- _WHAT YOU HAVE TO DO_: In this exercise, retype exactly and only the lines from the top of the entries below through the line that holds "Fototapeta - outdoor", omitting pictures.

Start of SUPPLIED DATA

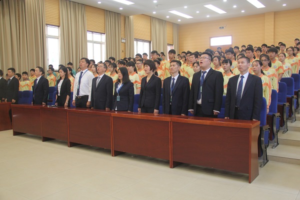 大会在雄壮的国歌声中拉开帷幕,全体师生精神抖擞,高唱国歌。
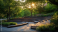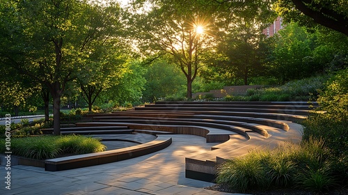 Fototapeta - outdoor amphitheater park with curved seating golden hour light lush greenery modern architectural design and serene urban nature leisure environment
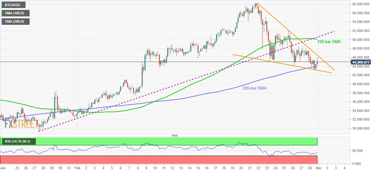BTC/USD drops from the intraday high near $46,000 to currently around $45,100 during early Monday. Even so, the crypto major keeps bounce off 200-bar SMA, marked during the weekend, while also staying inside a bullish chart pattern on the four-hour play. Bears can eye for early February tops during further weakness.
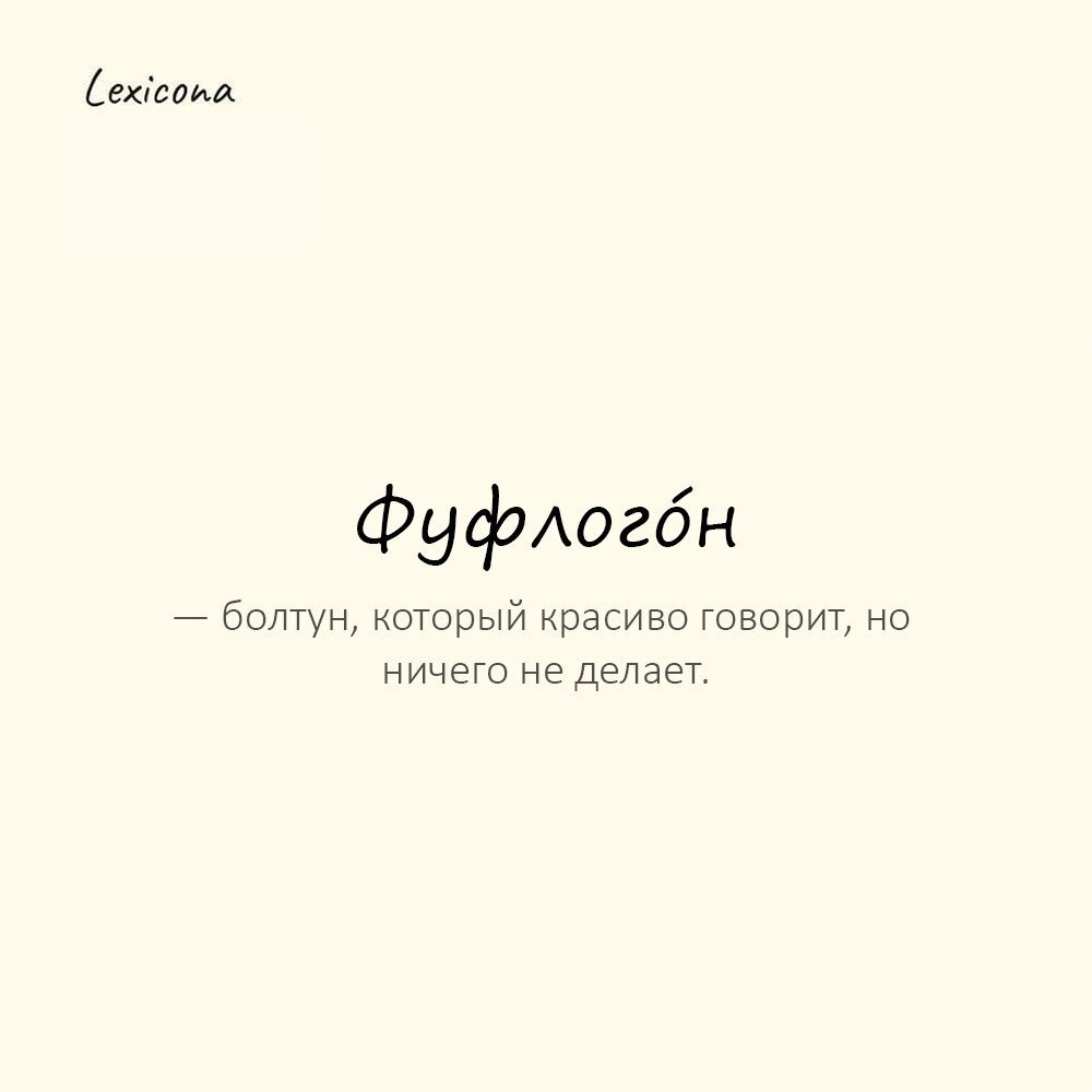 Фуфлогóн — болтун, который красиво говорит, но ничего не делает. 🤥 Пример употребления: Опять пообещал начать бегать с понедельника — фуфлогон. 🏃♂️❌ #фуфлогон #болтун #пустослов #обещания #ленивец #отмазка #говорун
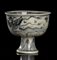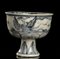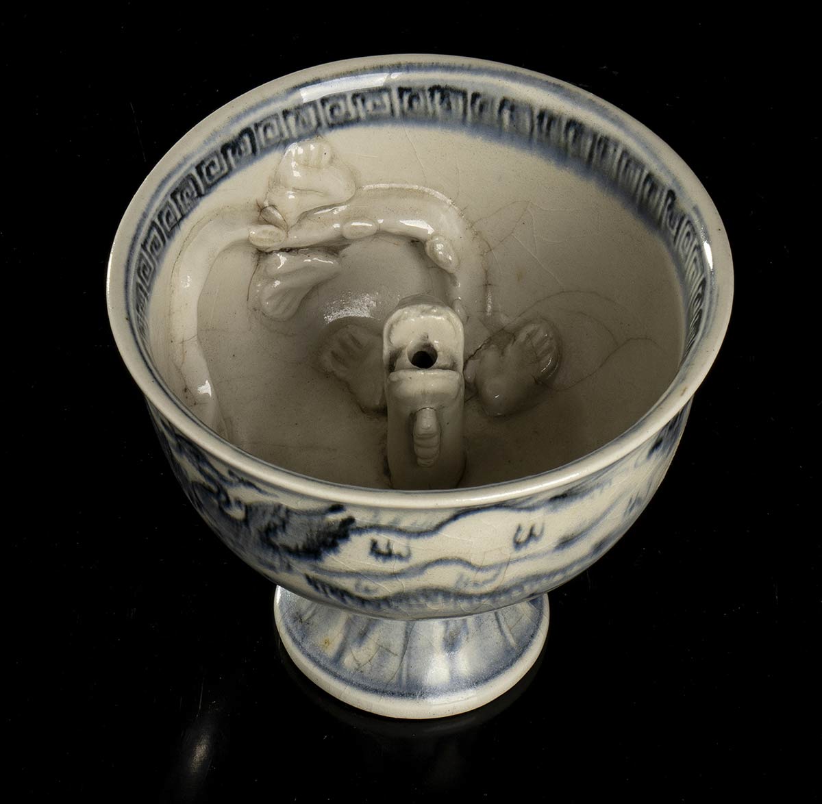 A sezione circolare, l'ampio contenitore posa su stelo a diametro decrescente, la decorazione in blu consiste di petali stilizzati appaiati e sul corpo di una fenice in volo, l'orlo interno con un fregio geometrico, tra parete e fondo un drago in accentuato rilievo con apertura nella bocca in comunicazione con foro al centro della base.

End of SUPPLIED DATA

- _TASK RESULT_:
 大会在雄壮的国歌声中拉开帷幕,全体师生精神抖擞,高唱国歌。
 Fototapeta - outdoor amphitheater park with curved seating golden hour light lush greenery modern architectural design and serene urban nature leisure environment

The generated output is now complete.